Aussi, lorsqu’il eut reçu la confession du mourant, il lui dit de cette voix profonde qui trouvait si bien le chemin du cœur :

— Mon fils, vous avez vécu dans la foi de vos pères et de l’Église. Si Dieu vous rappelle à lui, vous pouvez partir sans crainte, le ciel s’ouvre à tous ceux qui ont combattu le bon combat pour son divin Christ. Cependant, avant de vous absoudre, songez encore une fois qu’il faut abandonner ici-bas toutes les arrière-pensées, les rancunes et les rigueurs ; Dieu se fait pour nous ce que nous nous faisons pour les autres, c’est avec une simplicité d’enfant qu’on l’approche le mieux.
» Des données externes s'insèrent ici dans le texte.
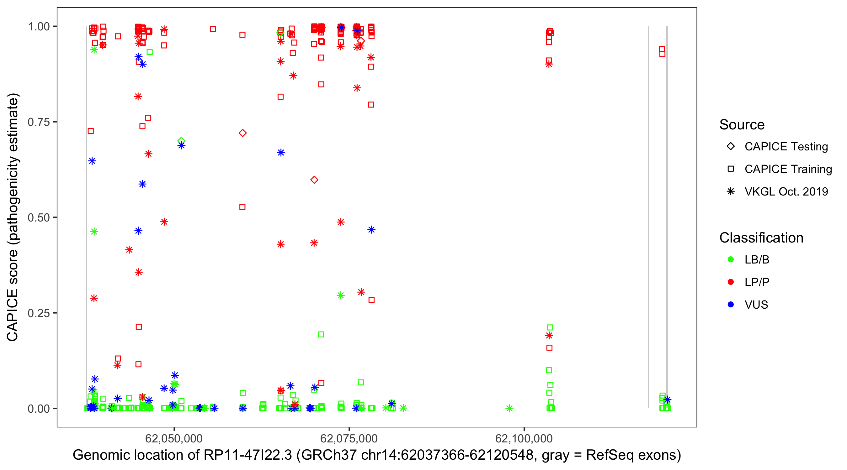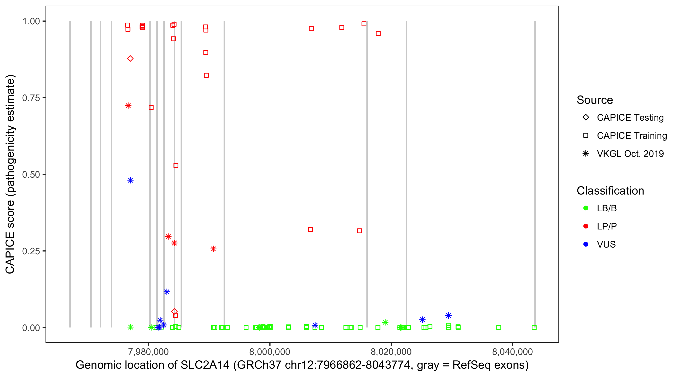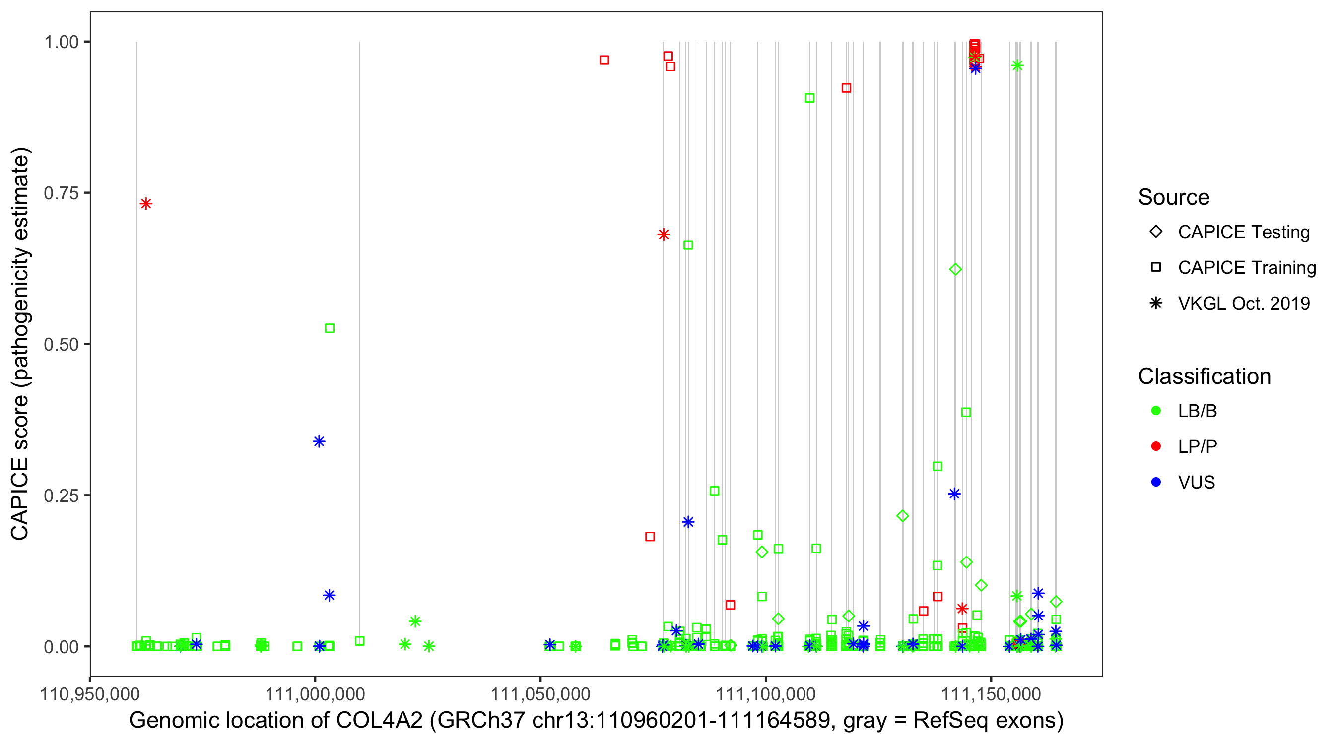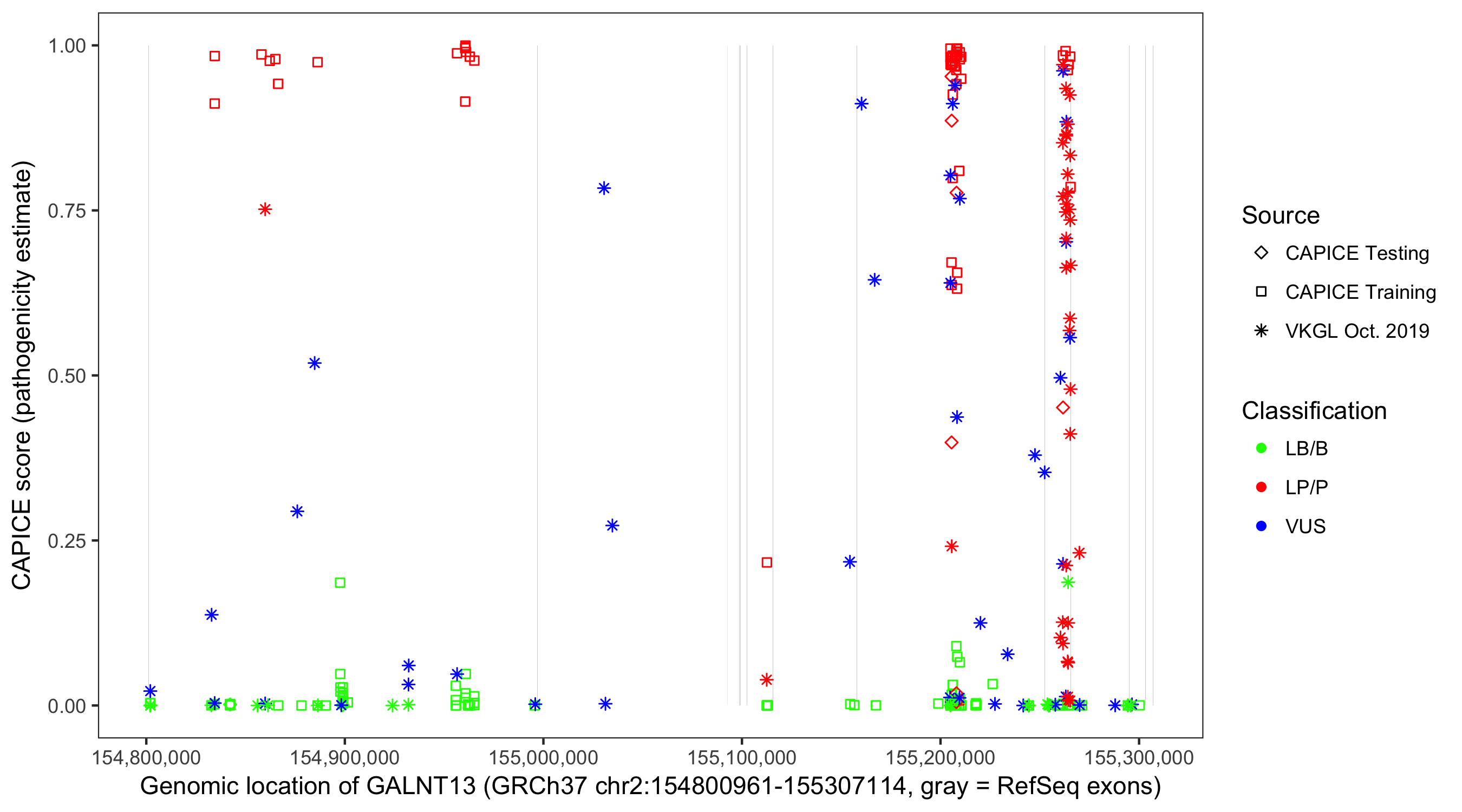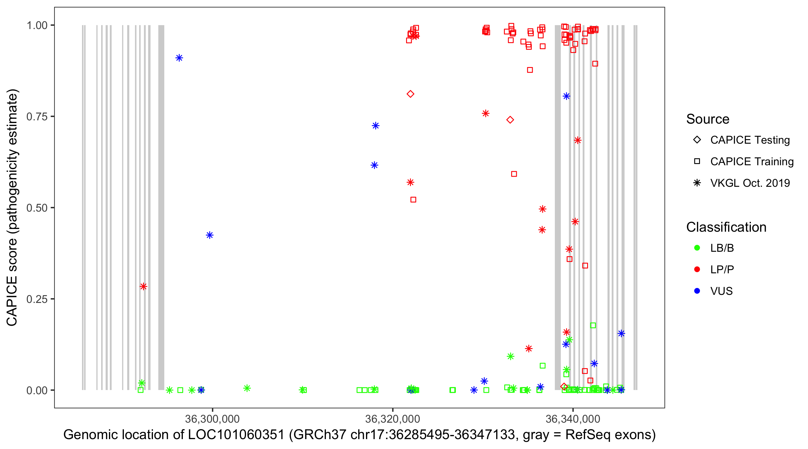 Shown are CAPICE train/test variants plus VKGL Oct 2019.
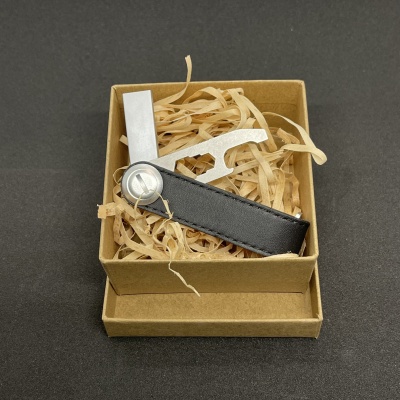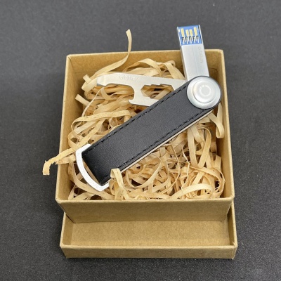 Black Leather Orbitkey with Multi tool (Bottle opener, multi-size hex wrench, box cutter, flat-head screwdriver, file) and USB (Fast transfer, slim 8GB USB 3.0 flash drive)
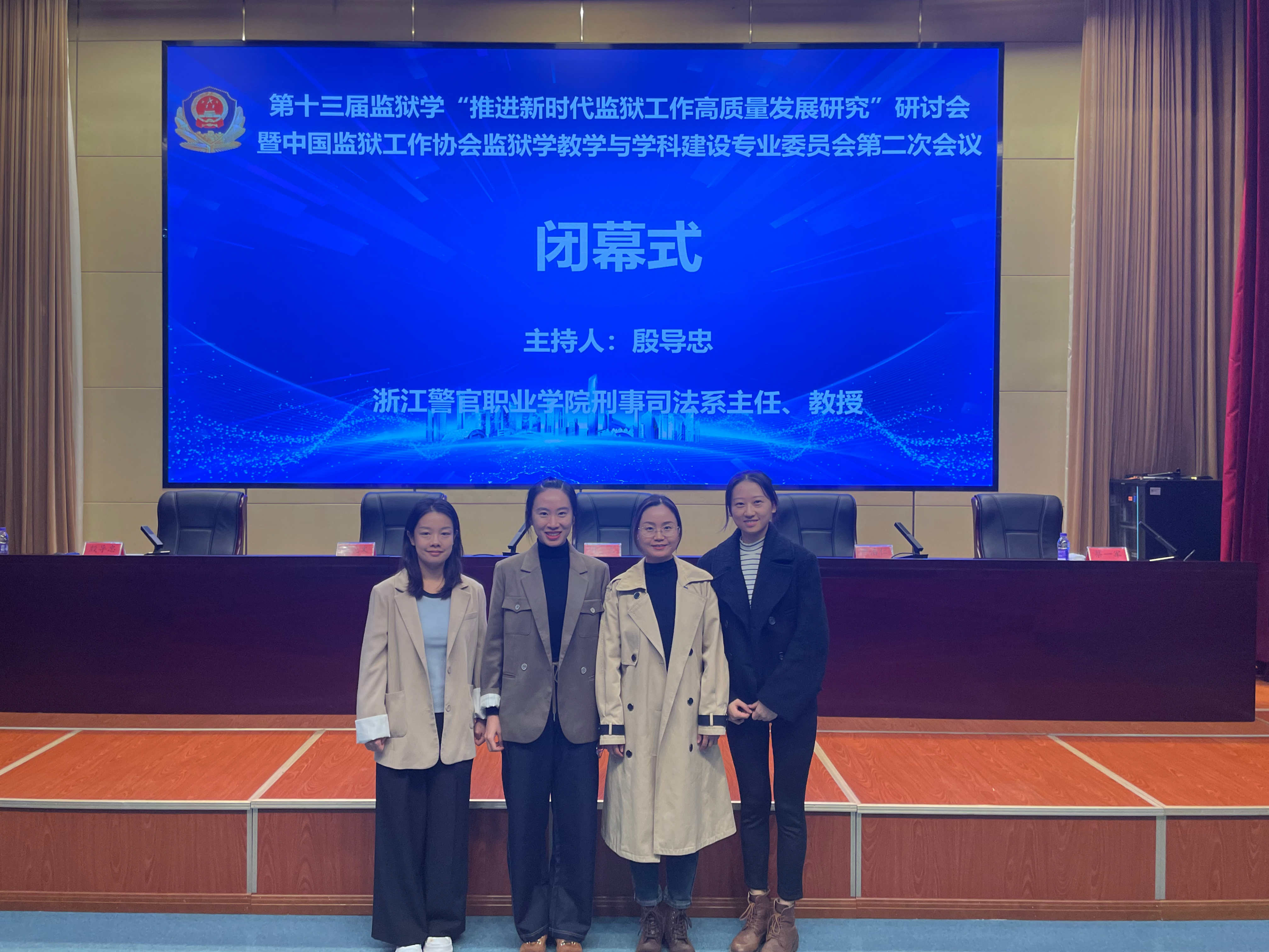 2024年11月22日,第十三届监狱学“推进新时代监狱工作高质量发展研究”研讨会暨第二届中国监狱工作协会监狱学教学与学科建设专业委员会会议在杭州召开。此次年会由上海政法学院、中国监狱工作协会监狱学教学与学科建设专业委员会主办,浙江警官职业学院承办。来自国内监狱学领域的学者及实务界专家共计100余人参加会议。司法应用学院教师李海华、王斯彤、李卓颖、周紫琪受邀参加本次年会。

Tout à l’heure, en arrivant ici, j’ai été péniblement surpris de rencontrer votre fils errant de pièce en pièce, banni de celle-là seule où était sa place, de cette chambre où souffrait son père. Il a été mon élève, à bien des titres il m’est cher, il était naturel qu’il m’ouvrît son cœur. J’ai donc su qu’un différend vous sépare, que vous avez souffert cruellement l’un par l’autre, et je me suis demandé si, comme ministre de Dieu et conseil d’une famille, je ne faillirais pas à ma mission en laissant désunies et troublées deux âmes qu’un pareil moment doit à tout prix confondre dans un même élan, une même prière, une même pensée ?

— J’ai pardonné, articula avec effort le vieillard.

— Cette parole, il faut que votre enfant la reçoive de votre bouche. Et s’il vous adressait alors une suprême requête, au nom de son bonheur, de l’avenir de votre maison, vous sentiriez-vous le droit, devant Dieu, de le repousser cette dernière fois ?

Le comte eut une flamme sombre dans les yeux.

— Un fils, dit-il à voix basse, mais très distincte, qui violenterait ainsi son père à son lit de mort ne serait pas un fils. Ne savez-vous pas que ce qu’il demande est impossible ?

— Impossible de par la loi de vos chimères humaines, reprit le prêtre durement, et c’est au nom de ces préjugés sans consistance, échafaudés par votre étroite vanité, que vous vous justifierez devant Dieu d’avoir désespéré votre enfant ? Eh bien ! moi qui vous assiste de la part de ce souverain maître, je vous dis : Faites acte de pitié, faites acte de justice, pendant qu’il en est temps encore. Le christianisme ne connaît pas vos aristocraties, sa voie est toute large ouverte, tandis que, inaccessibles dans votre orgueil, vous restez, pour vos semblables, impitoyablement fermés. Oubliez tout ce qui finit à la terre, ne soyez plus qu’uniquement, absolument chrétien.